### Supplied data:
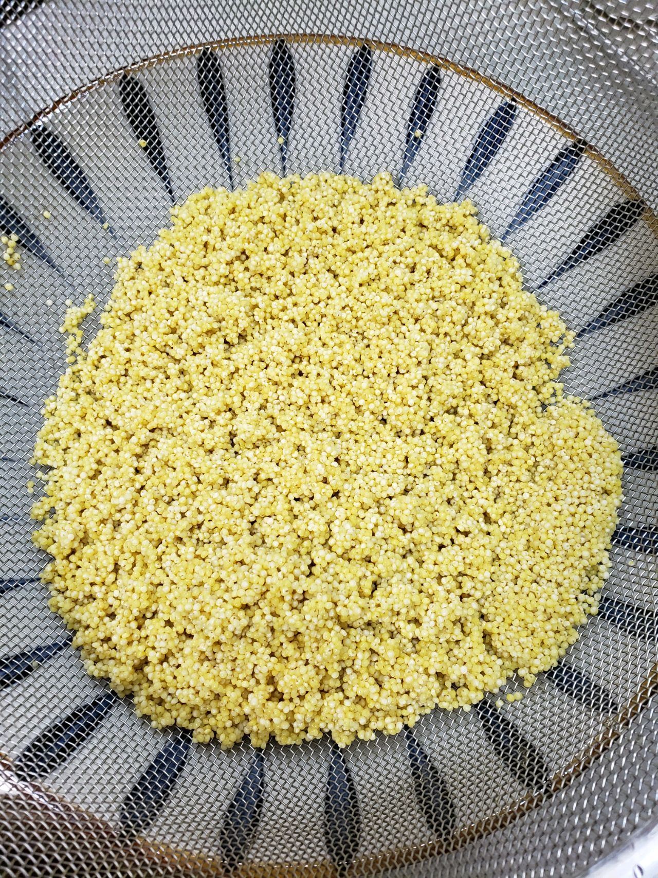 步骤1、小米洗净,清水浸泡4小时以上,这样蒸出来口感才会软糯。我一般提前一晚浸泡,第二天中午用。
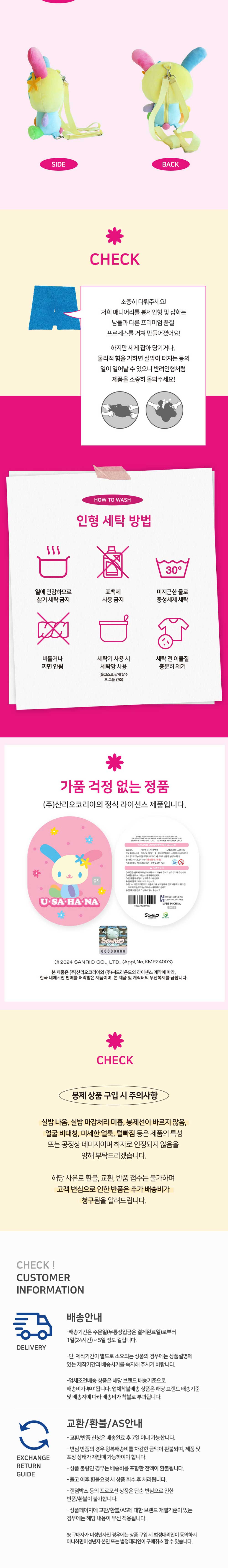 매니어리틀 산리오 우사하나 백팩
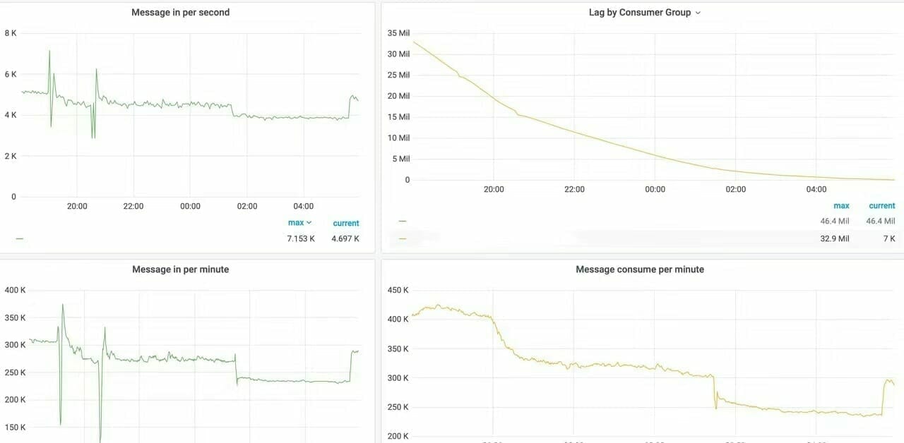 We decided to use the batch writing mechanism with configurable single batch data size and installed TDengine on a single-node with a default configuration of 8 cores, 32 GB RAM and 500 GB storage. We decided to use the RESTful API to write data. There was no issue when writing 4k/s but the peak value was 7 k/s. Since the amount of information contained in a single message was too high, it is split into 30 pieces and written to TDengine. So in actual processing the actual write is 210 k/s, which is higher than what we could achieve with HBase cluster. With a reduction in resources used and better performance, not to mention a simpler architecture with less maintenance, we were able to reduce costs significantly
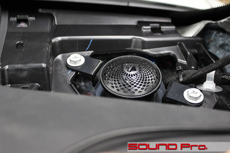 純正のツイーターを外し、当店のオリジナルブラケットを使ってHELIXS62Cのツイーターを取り付けました。
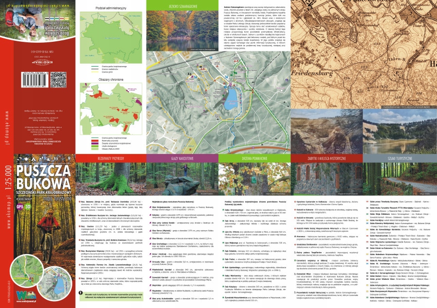 Карта містить понад 250 км пішохідних стежок, якими користуються тисячі жителів Щецина та околиць, а також приїжджі туристи. Наше видання являє собою карту масштабу 1:25 000, яка охоплює територію ландшафтного парку та його найближчі околиці. Окрім стандартної топографії, на карті є маршрути всіх позначених туристичних стежок, розташування валунів і найважливіших дерев-пам’ятників, а також багато історичних цікавинок: пам’ятники, довоєнні кладовища, руїни старих будівель. Там, де це було можливо, німецькі назви гір, доріг, міст і струмків наводилися в лапки.
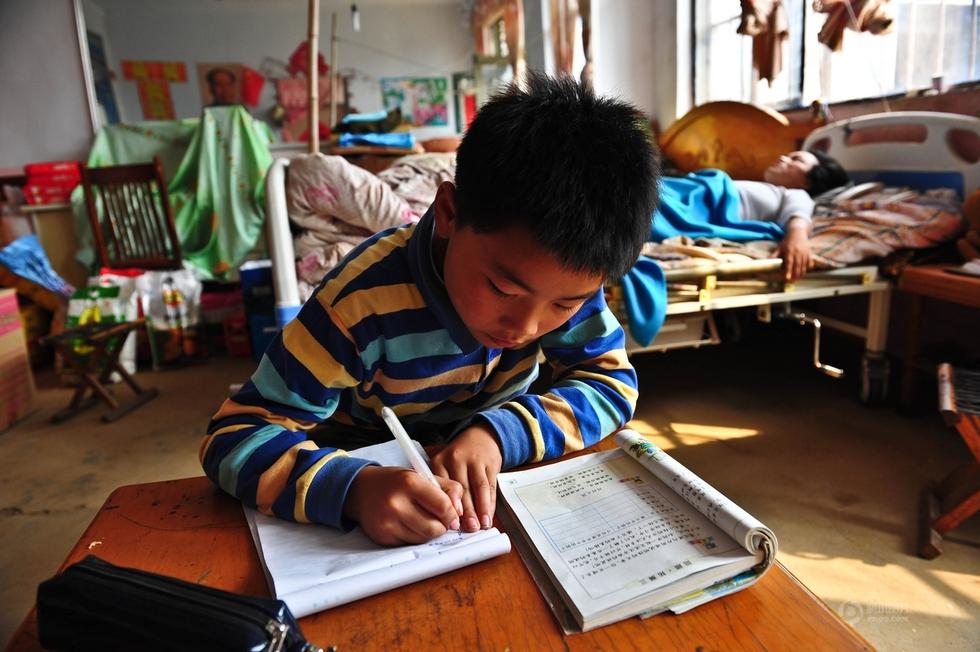 王荣在床边下意识的翻了一下作业本,王荣他告诉记者很想回到学校。

### Work item:
Exactly as written, repeat the lines from the beginning of the entries up to and including the line with "매니어리틀 산리오 우사하나 백팩", but not the pictures.

### Result of the exercise:
 步骤1、小米洗净,清水浸泡4小时以上,这样蒸出来口感才会软糯。我一般提前一晚浸泡,第二天中午用。
 매니어리틀 산리오 우사하나 백팩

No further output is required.